Maragos: It seemed like they were trying to run plays that they are good at and they are trying to be really good at what they do. I have always heard that you don't need to run these magical defenses to be successful. If you know how to run the right defenses, you should be able to execute, play the call and go play. I think the biggest thing as the year goes on is that they will be able to evolve, being able to put different guys in different situations and I think you'll see a lot of great things out of that defense.
Badger Nation: In your three years at Wisconsin, when traditionally did the coaching staff give the defense the whole playbook for a game? When did you feel you could intermix your whole playbook easily?
Maragos: I would say that you go through camp and spring ball, you are going to install everything that you are going to run that season. The first few games, you get a feel for things and see what works and what doesn't and as the season goes on, you are going to continue sprinkle in some new things and different looks and change things. It all depends on the guys on defense, too. If they can handle more, the coaches are going to put more in and do more things dynamically.
Badger Nation: When you watched Chris Borland play at the mike linebacker for the first time, how do you think he did with his plays and with the way he positioned the defense with his calls and reads?
Maragos: I think he did good. Obviously it's a different position, but the guy is such a natural player. He has really progressed, especially since he had so much time off. He's not going to change what he is or the type of player he is. I think every player along side of him is going to play just as hard as him. I think it's going to be fun watching these guys progress.
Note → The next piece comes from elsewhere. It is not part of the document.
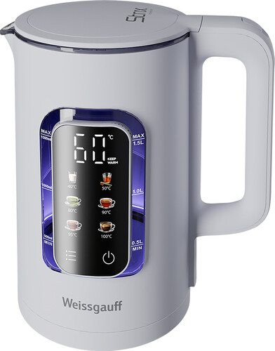 Вместительный и функциональный электрический чайник от Weissgauff, выполненный в белом цвете, обладает объемом 1,5 литра, возможностью нагрева до требуемой температуры в диапазоне от 40 до 100 °C, а также 6 уровнями регулировки нагрева и автоподогрева воды!
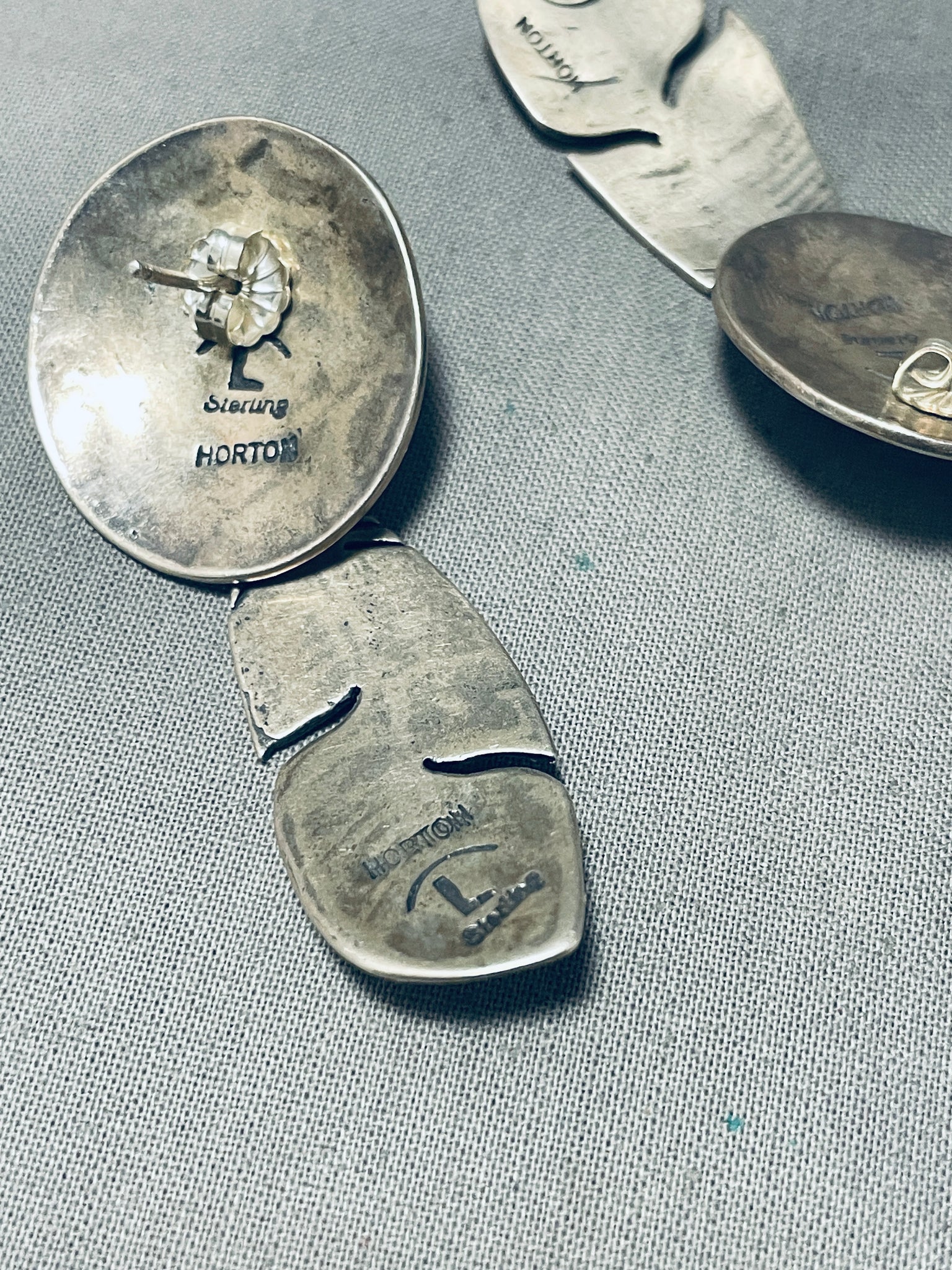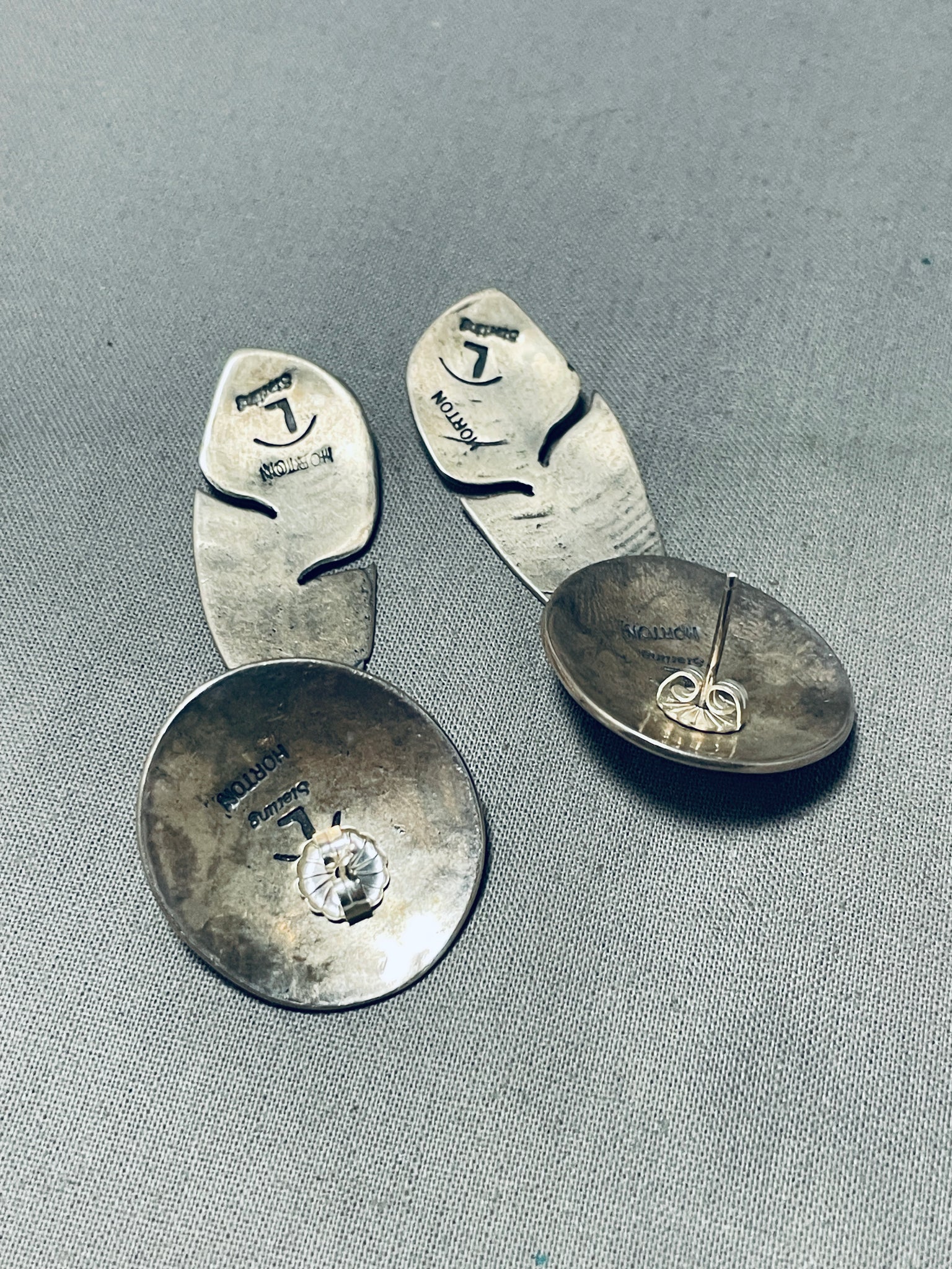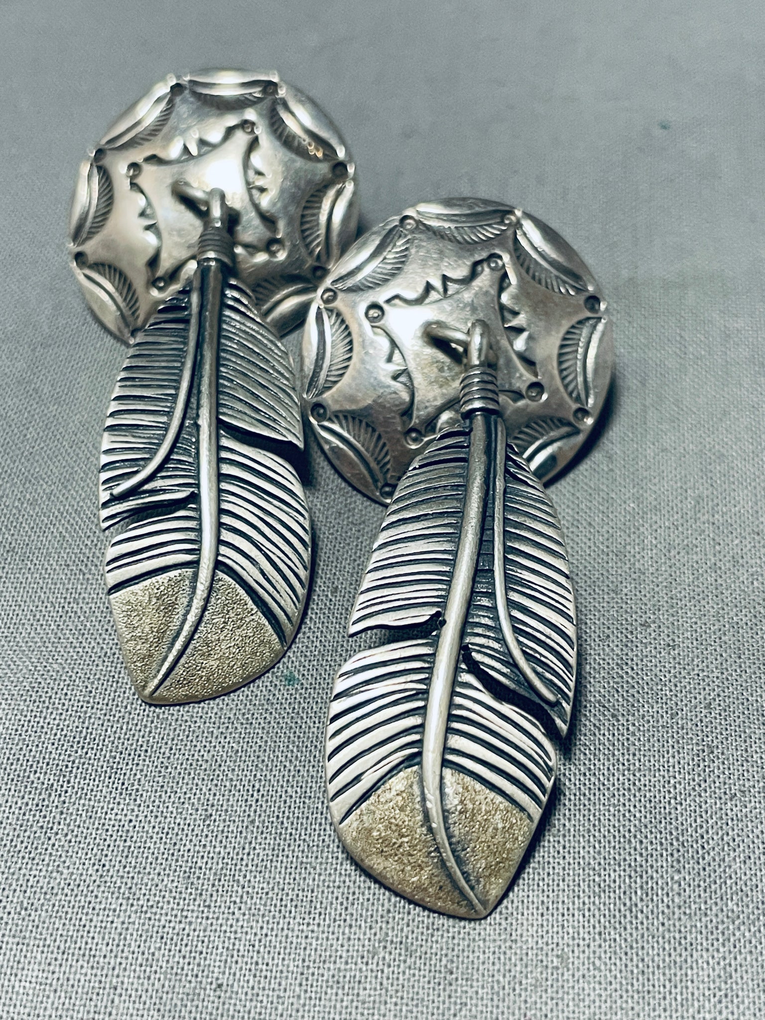 Traditional Vintage Native American Navajo Sterling Silver Feather Earrings

You start out with the base foundation and as the season goes on, things continue to evolve and that's when you see the team come together.
Badger Nation: Coaches say the biggest jump on the field happens from week one to week two. In the years you played in '08 and '09, what do you remember the biggest jump being from the opener to week two?
Maragos: I would say that the first game has so much emotional, going through a rough summer camp, spring ball and summer workouts that you are just excited to get out there and fly around. The second game I think you see a lot more technique because guys settle down a lot more, they get a little more comfortable playing at game speed, they get used to the calls and how to run those calls in game situations. I think you see a lot of guys settle down and a lot of guys really improve their technique and let their skills take over.
Badger Nation: With Saturday's game being a 9 a.m. Pacific time. With you having been on the West Coast for two seasons, how big of adjustment is it jumping a couple time zones and playing a game the next day? How does it affect the body?
Maragos: No question. It's definitely going to play into the Badgers' advantage. When you think about it, the game is at 11 a.m. The wake-up call will be around 6:30/7 a.m. Those guys will be waking up around 4:30 Pacific time. They are going to have to get ready to rock and roll real early, but I am sure they'll get a good wake-up call with Camp Randall rocking.
Badger Nation: When you came to Lambeau Field for a noon kickoff, how did your preparations change throughout the course of the week leading up to the game? Did you move your schedule up to try and adjust?
Maragos: I think we were up earlier and we did some work a little earlier. Not a whole lot earlier, but just getting our body used to being up and moving around. Your body gets in a routine and your body has a certain time it wants to eat and get loose. It would be to Oregon State's benefit to switch up the schedule a little bit.
Badger Nation: You're 1-0 with your picks, so what is your prediction for this weekend's Wisconsin game?
Maragos: This is what I'll say. I'll say Badgers win, 55-17.